═════ Supplied information ═════

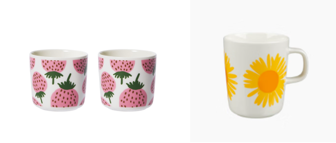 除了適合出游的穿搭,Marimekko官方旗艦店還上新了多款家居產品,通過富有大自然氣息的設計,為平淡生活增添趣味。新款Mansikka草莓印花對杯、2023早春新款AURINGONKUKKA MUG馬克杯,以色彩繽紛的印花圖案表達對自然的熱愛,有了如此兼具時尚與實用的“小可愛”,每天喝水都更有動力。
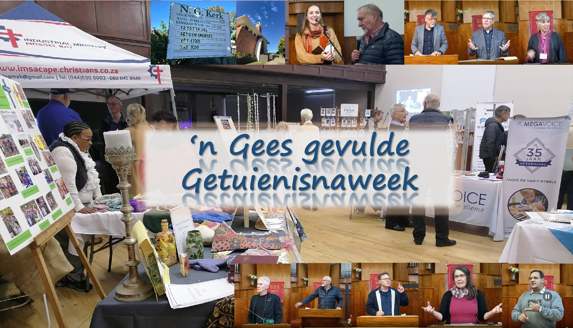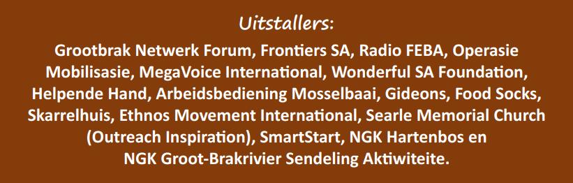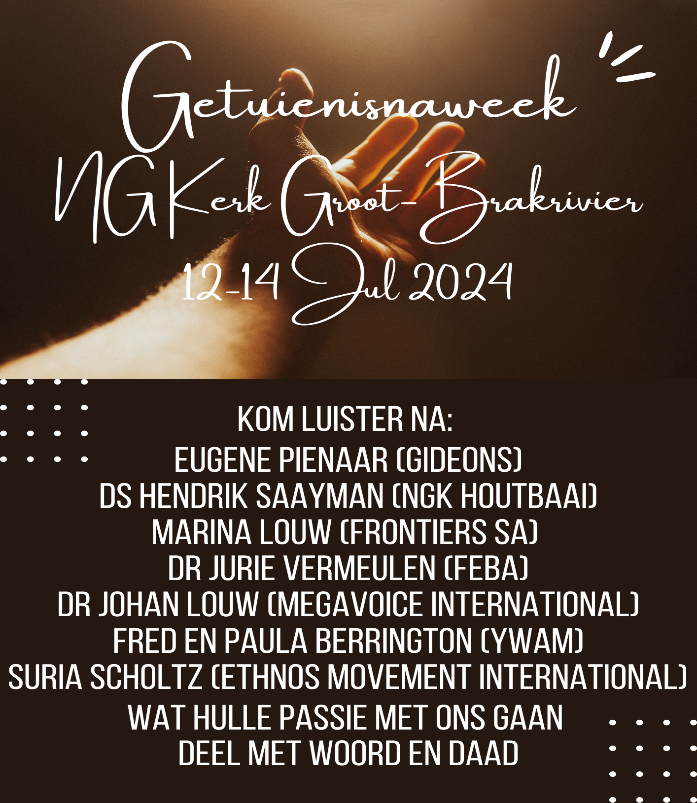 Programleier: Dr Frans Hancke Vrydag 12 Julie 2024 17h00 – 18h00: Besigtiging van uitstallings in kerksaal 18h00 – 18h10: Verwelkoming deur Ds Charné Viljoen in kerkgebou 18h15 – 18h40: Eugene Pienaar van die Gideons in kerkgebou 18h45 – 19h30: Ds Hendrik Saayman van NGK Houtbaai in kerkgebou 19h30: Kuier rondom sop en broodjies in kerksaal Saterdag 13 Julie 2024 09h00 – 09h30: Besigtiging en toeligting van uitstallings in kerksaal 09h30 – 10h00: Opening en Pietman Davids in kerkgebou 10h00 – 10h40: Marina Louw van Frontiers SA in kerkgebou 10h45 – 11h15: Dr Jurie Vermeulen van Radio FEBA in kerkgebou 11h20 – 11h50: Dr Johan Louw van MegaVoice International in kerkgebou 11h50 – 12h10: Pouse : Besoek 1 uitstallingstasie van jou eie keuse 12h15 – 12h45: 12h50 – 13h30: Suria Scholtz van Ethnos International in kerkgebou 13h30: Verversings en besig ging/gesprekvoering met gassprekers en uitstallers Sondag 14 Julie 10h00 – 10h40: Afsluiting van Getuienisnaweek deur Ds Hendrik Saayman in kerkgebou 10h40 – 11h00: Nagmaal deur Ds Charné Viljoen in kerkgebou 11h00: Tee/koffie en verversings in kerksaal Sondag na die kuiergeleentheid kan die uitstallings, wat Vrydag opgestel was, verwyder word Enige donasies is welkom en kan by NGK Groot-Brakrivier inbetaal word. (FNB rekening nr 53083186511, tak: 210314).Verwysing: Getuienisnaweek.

═════
═════ Supplied information ═════

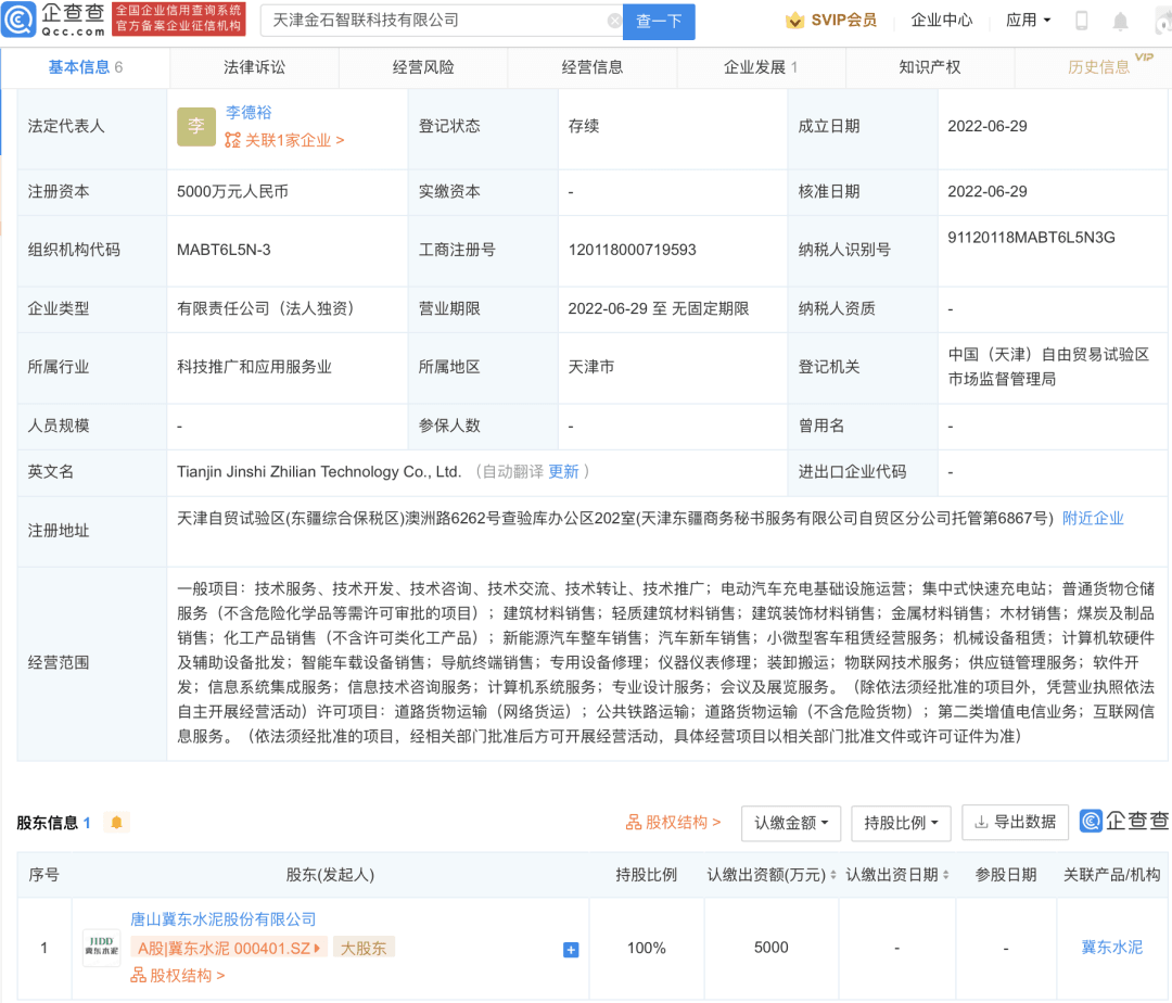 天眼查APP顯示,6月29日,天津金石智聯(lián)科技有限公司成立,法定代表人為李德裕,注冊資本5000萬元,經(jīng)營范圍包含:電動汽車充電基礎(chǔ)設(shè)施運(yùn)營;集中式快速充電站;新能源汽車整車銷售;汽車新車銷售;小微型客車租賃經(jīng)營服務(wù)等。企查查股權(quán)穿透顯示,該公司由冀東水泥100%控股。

═════

**Work item:**
Look through the listing above for the line with "除了適合出游的穿搭,Mari" and the line with "Programleier: Dr Frans". Write out exactly those lines and everything between, leaving out pictures.

**Completed exercise:**
 除了適合出游的穿搭,Marimekko官方旗艦店還上新了多款家居產品,通過富有大自然氣息的設計,為平淡生活增添趣味。新款Mansikka草莓印花對杯、2023早春新款AURINGONKUKKA MUG馬克杯,以色彩繽紛的印花圖案表達對自然的熱愛,有了如此兼具時尚與實用的“小可愛”,每天喝水都更有動力。
 Programleier: Dr Frans Hancke Vrydag 12 Julie 2024 17h00 – 18h00: Besigtiging van uitstallings in kerksaal 18h00 – 18h10: Verwelkoming deur Ds Charné Viljoen in kerkgebou 18h15 – 18h40: Eugene Pienaar van die Gideons in kerkgebou 18h45 – 19h30: Ds Hendrik Saayman van NGK Houtbaai in kerkgebou 19h30: Kuier rondom sop en broodjies in kerksaal Saterdag 13 Julie 2024 09h00 – 09h30: Besigtiging en toeligting van uitstallings in kerksaal 09h30 – 10h00: Opening en Pietman Davids in kerkgebou 10h00 – 10h40: Marina Louw van Frontiers SA in kerkgebou 10h45 – 11h15: Dr Jurie Vermeulen van Radio FEBA in kerkgebou 11h20 – 11h50: Dr Johan Louw van MegaVoice International in kerkgebou 11h50 – 12h10: Pouse : Besoek 1 uitstallingstasie van jou eie keuse 12h15 – 12h45: 12h50 – 13h30: Suria Scholtz van Ethnos International in kerkgebou 13h30: Verversings en besig ging/gesprekvoering met gassprekers en uitstallers Sondag 14 Julie 10h00 – 10h40: Afsluiting van Getuienisnaweek deur Ds Hendrik Saayman in kerkgebou 10h40 – 11h00: Nagmaal deur Ds Charné Viljoen in kerkgebou 11h00: Tee/koffie en verversings in kerksaal Sondag na die kuiergeleentheid kan die uitstallings, wat Vrydag opgestel was, verwyder word Enige donasies is welkom en kan by NGK Groot-Brakrivier inbetaal word. (FNB rekening nr 53083186511, tak: 210314).Verwysing: Getuienisnaweek.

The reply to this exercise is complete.